Cell 3: Import libraries and initialize depth estimation model

In [None]:
# Import necessary libraries for depth estimation and image processing
from transformers import pipeline
from PIL import Image
import torch
import numpy as np

# Initialize the depth estimation pipeline with the Intel DPT Hybrid Midas model.
depth_estimator = pipeline(task="depth-estimation", model="./models/Intel/dpt-hybrid-midas")

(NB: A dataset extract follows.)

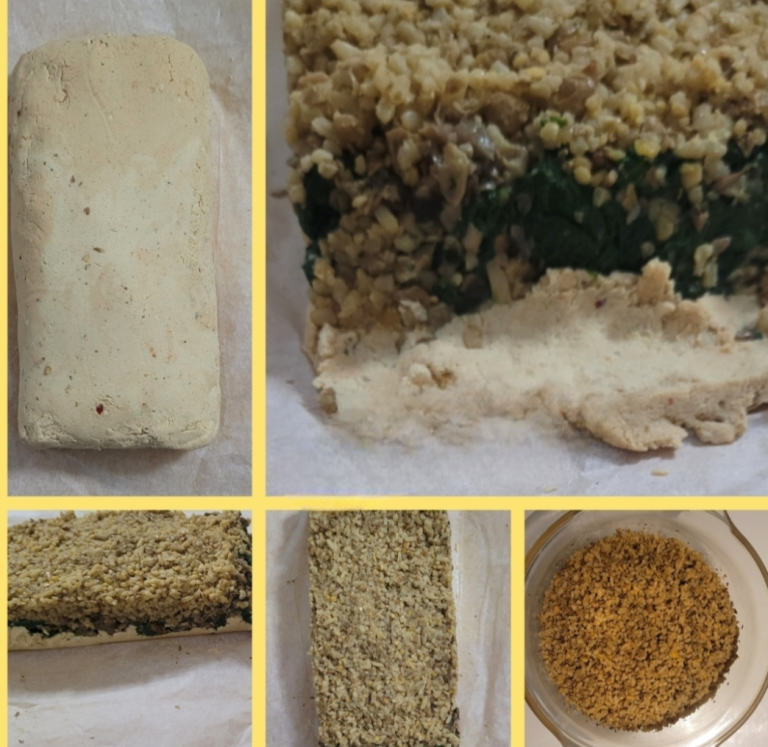 Il ripieno è composto da tre strati: spinaci con aglio, funghi shiitake saltati , riso e lenticchie , questi ultimi che con l’aggiunta di altri ingredienti e tritati grossolanamente avranno la consistenza della carne macinata.
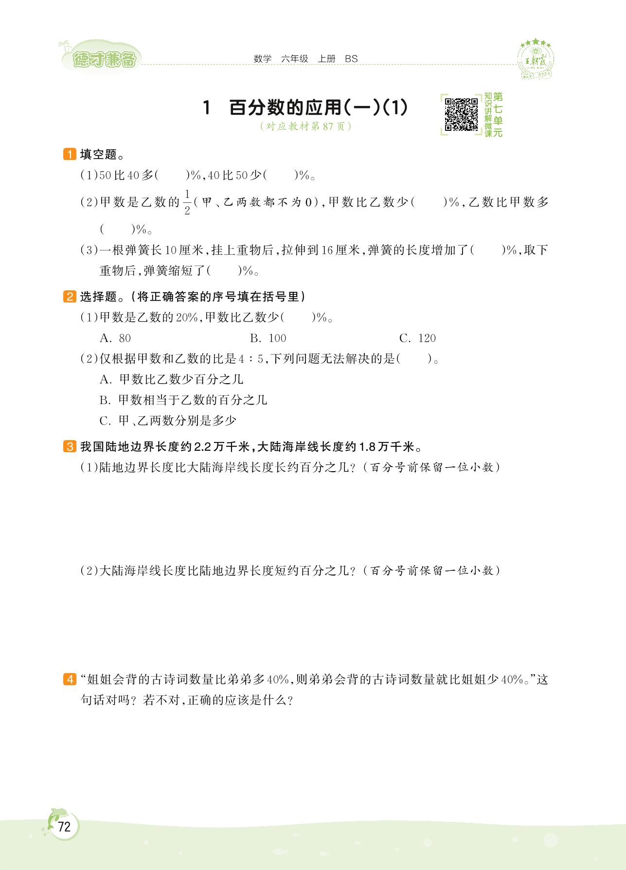 2022上册六年级数学北师版 第七单元 百分数的应用——1 百分数的应用(一)(1)

Cell 4: Load and preprocess the input image


In [None]:
# Load the input image using PIL and resize it to a specific dimension.
# This image will be used for depth estimation.
raw_image = Image.open('gradio_tamagochi_vienna.png')  # Load an image file
raw_image = raw_image.resize((806, 621))  # Resize the image to match the required input size


Cell 5: Perform depth estimation


In [None]:
# Perform depth estimation using the pre-trained DPT model.
# The model will output a depth map prediction for the input image.
output = depth_estimator(raw_image)


Cell 6: Check the size of the predicted depth output

In [None]:
# Inspect the shape of the predicted depth output.
# The 'predicted_depth' tensor contains the depth map predicted by the model.
print(output["predicted_depth"].shape)  # Print the shape of the predicted depth map

# Add an additional dimension to the depth map tensor using unsqueeze for later resizing.
print(output["predicted_depth"].unsqueeze(1).shape)  # Add a dimension for resizing


Cell 7: Resize the predicted depth map to match the input image

In [None]:
# Resize the predicted depth map to match the original image size using bicubic interpolation.
# 'size=raw_image.size[::-1]' ensures that the depth map is resized to the exact dimensions of the original image.
prediction = torch.nn.functional.interpolate(
    output["predicted_depth"].unsqueeze(1),  # Add a channel dimension for interpolation
    size=raw_image.size[::-1],  # Resize to the original image size (width, height)
    mode="bicubic",  # Use bicubic interpolation for better quality resizing
    align_corners=False  # Disable alignment of corner pixels for smoother interpolation
)

# Print the shape of the resized depth map to ensure it matches the input image size.
print(prediction.shape)
print(raw_image.size[::-1])


Cell 8: Normalize the depth map to display as an image

In [None]:
# Normalize the predicted depth map so that it can be visualized as an image.
# We normalize the values between 0 and 255 to map them to pixel intensities.
output = prediction.squeeze().numpy()  # Remove unnecessary dimensions and convert to NumPy array
formatted = (output * 255 / np.max(output)).astype("uint8")  # Normalize the values to the range [0, 255]

# Convert the normalized depth map back into a PIL image for visualization.
depth = Image.fromarray(formatted)
depth  # Display the depth image


Explanation:
Model Initialization: We initialize the depth estimation pipeline with the DPT model (dpt-hybrid-midas). This model predicts depth maps for input images.

Image Preprocessing: The input image is loaded and resized to fit the model's requirements.

Depth Estimation: The model generates a predicted depth map for the input image. This is a 2D array representing the depth of each pixel.

Resizing the Output: The predicted depth map is resized to match the dimensions of the original input image using bicubic interpolation.

Normalization: The depth map is normalized to pixel values between 0 and 255 so that it can be displayed as an image.

Display Depth Map: The normalized depth map is converted into a PIL image and can be visualized.